Exercise brief
Using the data below, set down every line from the one containing "Тушь Luxury королевский" through the one containing "For the main", inclusive and unchanged. Pictures are to be skipped.

Data to process

::::::::

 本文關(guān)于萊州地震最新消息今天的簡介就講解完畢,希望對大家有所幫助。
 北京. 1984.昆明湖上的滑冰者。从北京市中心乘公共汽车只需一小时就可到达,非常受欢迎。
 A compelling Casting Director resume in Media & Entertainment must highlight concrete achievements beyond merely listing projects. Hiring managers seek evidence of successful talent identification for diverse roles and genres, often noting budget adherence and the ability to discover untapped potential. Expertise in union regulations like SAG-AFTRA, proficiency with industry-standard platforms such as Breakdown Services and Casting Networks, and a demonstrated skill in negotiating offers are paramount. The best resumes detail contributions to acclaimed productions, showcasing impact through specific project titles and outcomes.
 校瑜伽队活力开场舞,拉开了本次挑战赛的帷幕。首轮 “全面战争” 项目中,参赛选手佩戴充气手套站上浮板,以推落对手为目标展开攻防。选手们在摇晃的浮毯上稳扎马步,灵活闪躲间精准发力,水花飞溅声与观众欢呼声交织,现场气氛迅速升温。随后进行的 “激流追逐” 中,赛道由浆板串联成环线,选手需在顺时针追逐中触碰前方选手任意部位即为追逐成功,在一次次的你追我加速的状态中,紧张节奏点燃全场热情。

::::::::

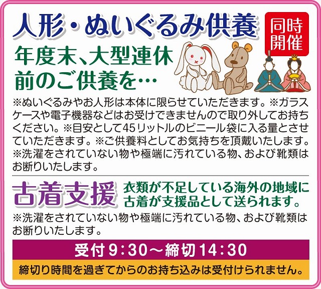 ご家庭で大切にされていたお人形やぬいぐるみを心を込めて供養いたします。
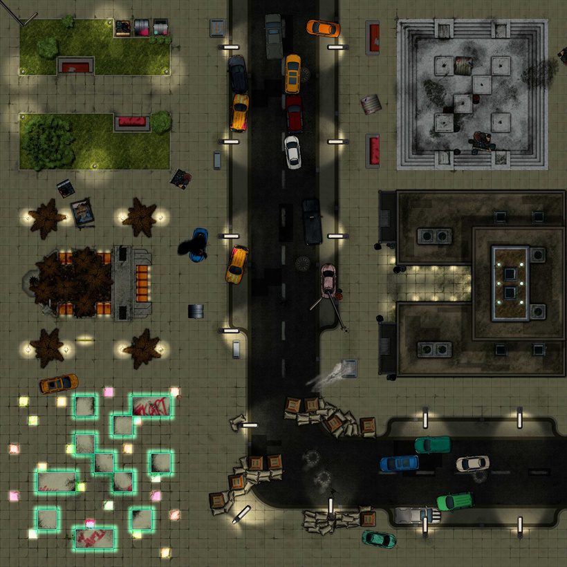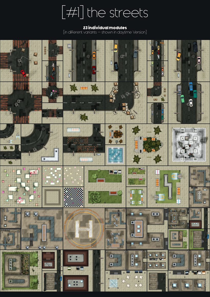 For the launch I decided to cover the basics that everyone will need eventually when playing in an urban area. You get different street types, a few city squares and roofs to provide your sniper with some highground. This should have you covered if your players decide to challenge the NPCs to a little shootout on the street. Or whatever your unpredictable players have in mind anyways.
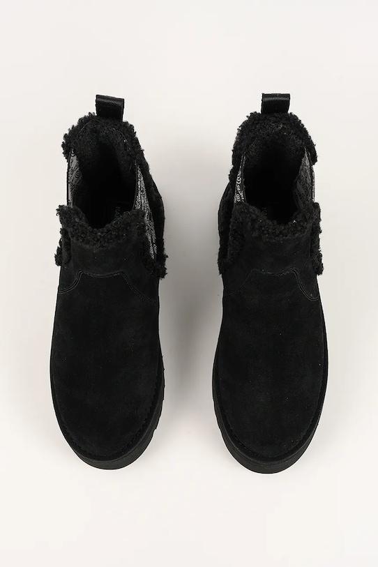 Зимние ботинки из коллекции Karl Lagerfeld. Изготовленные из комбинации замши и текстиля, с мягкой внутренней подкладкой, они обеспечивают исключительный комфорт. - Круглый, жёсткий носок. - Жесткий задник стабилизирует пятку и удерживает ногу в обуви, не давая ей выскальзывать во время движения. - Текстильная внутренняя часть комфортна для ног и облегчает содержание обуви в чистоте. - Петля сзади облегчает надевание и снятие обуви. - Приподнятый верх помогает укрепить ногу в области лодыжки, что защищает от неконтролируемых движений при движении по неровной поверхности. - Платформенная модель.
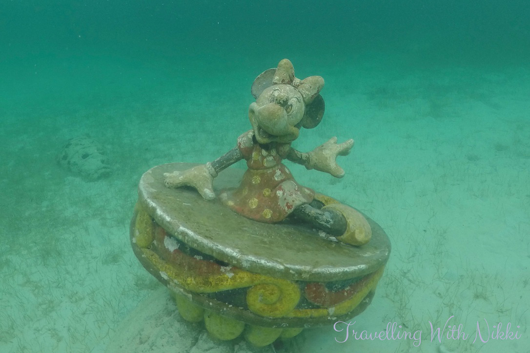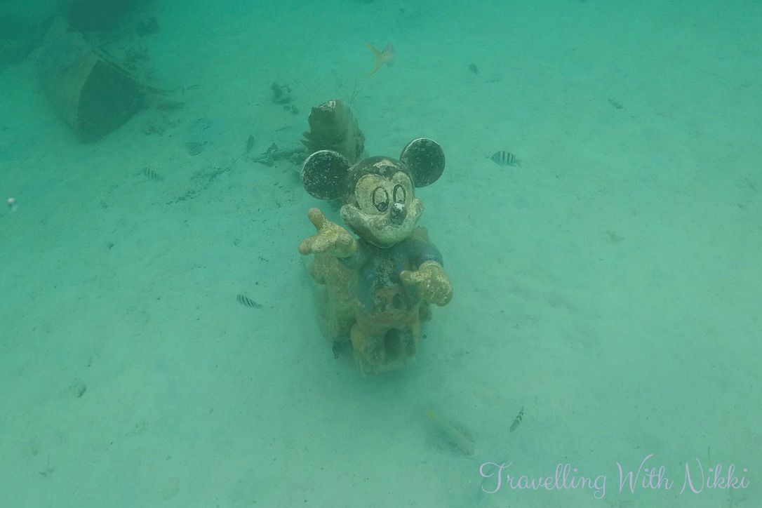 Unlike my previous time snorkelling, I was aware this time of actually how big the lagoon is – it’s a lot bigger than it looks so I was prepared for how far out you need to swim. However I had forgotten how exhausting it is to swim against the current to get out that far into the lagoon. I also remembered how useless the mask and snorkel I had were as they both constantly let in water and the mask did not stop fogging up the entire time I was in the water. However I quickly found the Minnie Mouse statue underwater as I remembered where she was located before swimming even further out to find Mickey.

::::::::

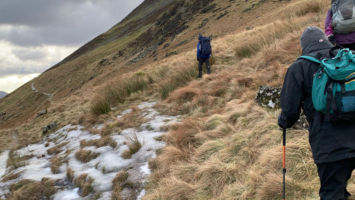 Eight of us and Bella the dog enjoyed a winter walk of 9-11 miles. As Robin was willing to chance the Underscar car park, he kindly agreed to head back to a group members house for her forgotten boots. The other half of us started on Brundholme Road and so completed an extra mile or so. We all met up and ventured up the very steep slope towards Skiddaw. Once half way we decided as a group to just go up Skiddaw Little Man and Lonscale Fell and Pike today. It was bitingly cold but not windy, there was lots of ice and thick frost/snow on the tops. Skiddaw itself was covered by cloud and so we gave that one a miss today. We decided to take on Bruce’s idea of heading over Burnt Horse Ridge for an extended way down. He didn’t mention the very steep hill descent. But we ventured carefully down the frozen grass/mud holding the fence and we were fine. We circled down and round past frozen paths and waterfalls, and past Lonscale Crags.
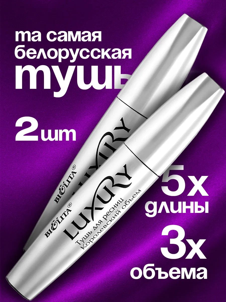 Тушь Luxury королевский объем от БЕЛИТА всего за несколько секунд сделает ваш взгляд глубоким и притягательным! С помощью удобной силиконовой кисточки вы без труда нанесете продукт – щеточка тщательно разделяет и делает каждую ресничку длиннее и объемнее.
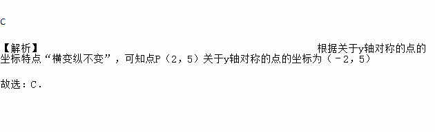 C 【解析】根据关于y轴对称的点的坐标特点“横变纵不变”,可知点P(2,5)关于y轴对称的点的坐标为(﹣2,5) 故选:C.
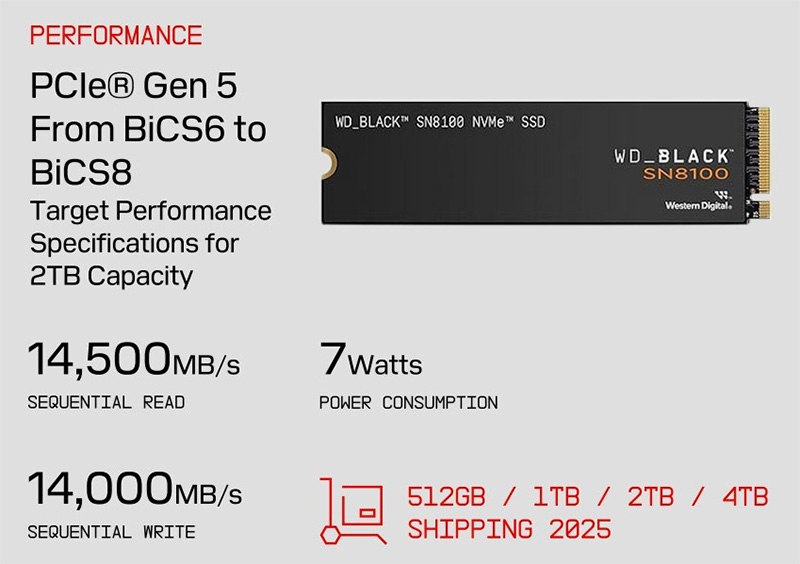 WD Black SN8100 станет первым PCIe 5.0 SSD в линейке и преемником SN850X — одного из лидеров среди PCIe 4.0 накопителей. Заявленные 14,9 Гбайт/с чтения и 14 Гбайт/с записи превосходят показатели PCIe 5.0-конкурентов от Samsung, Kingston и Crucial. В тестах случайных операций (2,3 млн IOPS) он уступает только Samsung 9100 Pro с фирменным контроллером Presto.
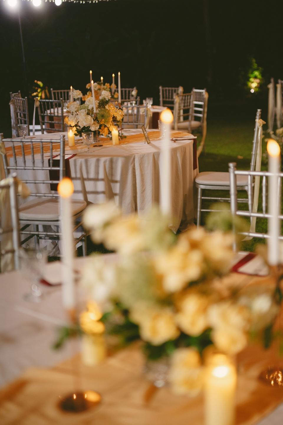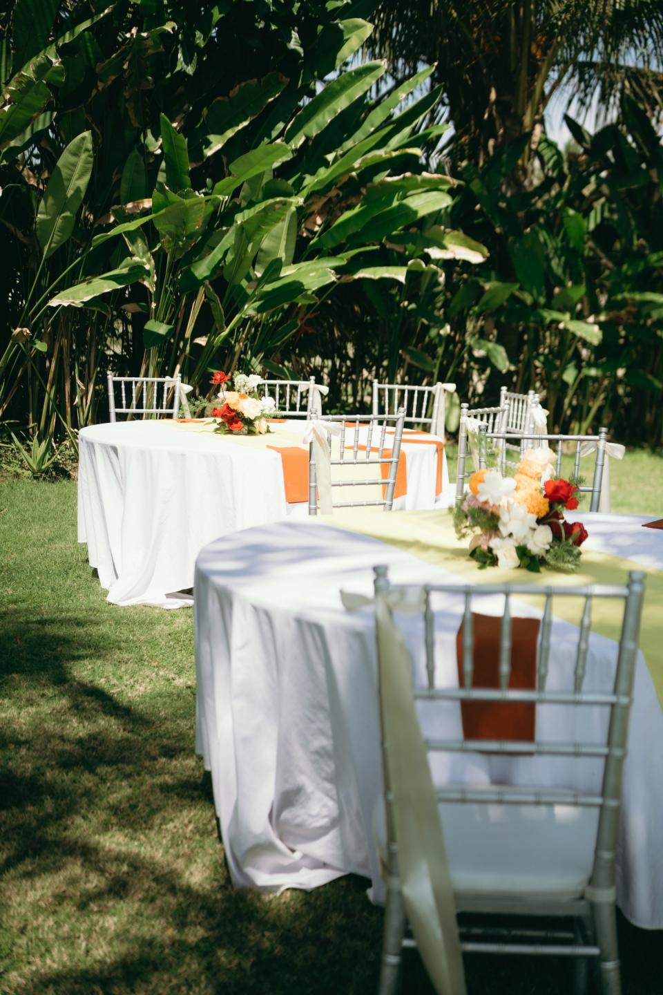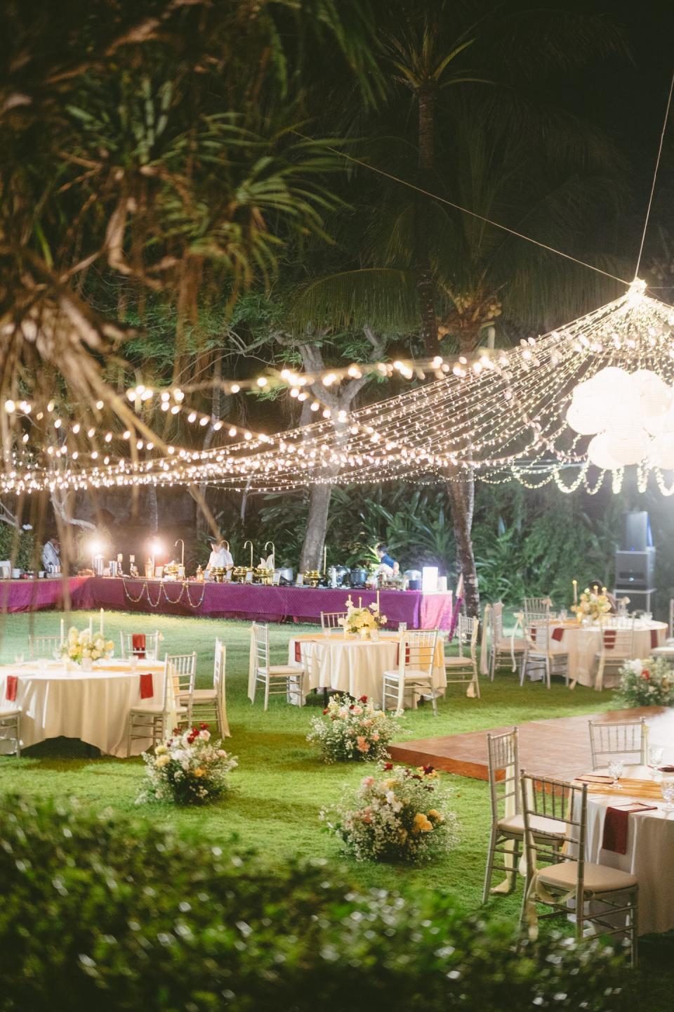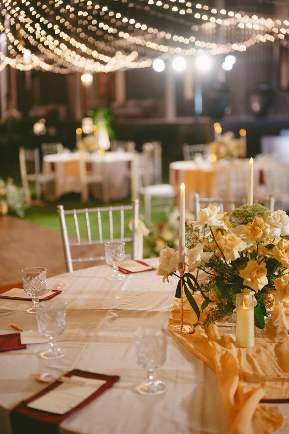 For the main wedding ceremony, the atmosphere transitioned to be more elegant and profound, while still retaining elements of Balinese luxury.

::::::::

The answer
 Тушь Luxury королевский объем от БЕЛИТА всего за несколько секунд сделает ваш взгляд глубоким и притягательным! С помощью удобной силиконовой кисточки вы без труда нанесете продукт – щеточка тщательно разделяет и делает каждую ресничку длиннее и объемнее.
 C 【解析】根据关于y轴对称的点的坐标特点“横变纵不变”,可知点P(2,5)关于y轴对称的点的坐标为(﹣2,5) 故选:C.
 WD Black SN8100 станет первым PCIe 5.0 SSD в линейке и преемником SN850X — одного из лидеров среди PCIe 4.0 накопителей. Заявленные 14,9 Гбайт/с чтения и 14 Гбайт/с записи превосходят показатели PCIe 5.0-конкурентов от Samsung, Kingston и Crucial. В тестах случайных операций (2,3 млн IOPS) он уступает только Samsung 9100 Pro с фирменным контроллером Presto.
 For the main wedding ceremony, the atmosphere transitioned to be more elegant and profound, while still retaining elements of Balinese luxury.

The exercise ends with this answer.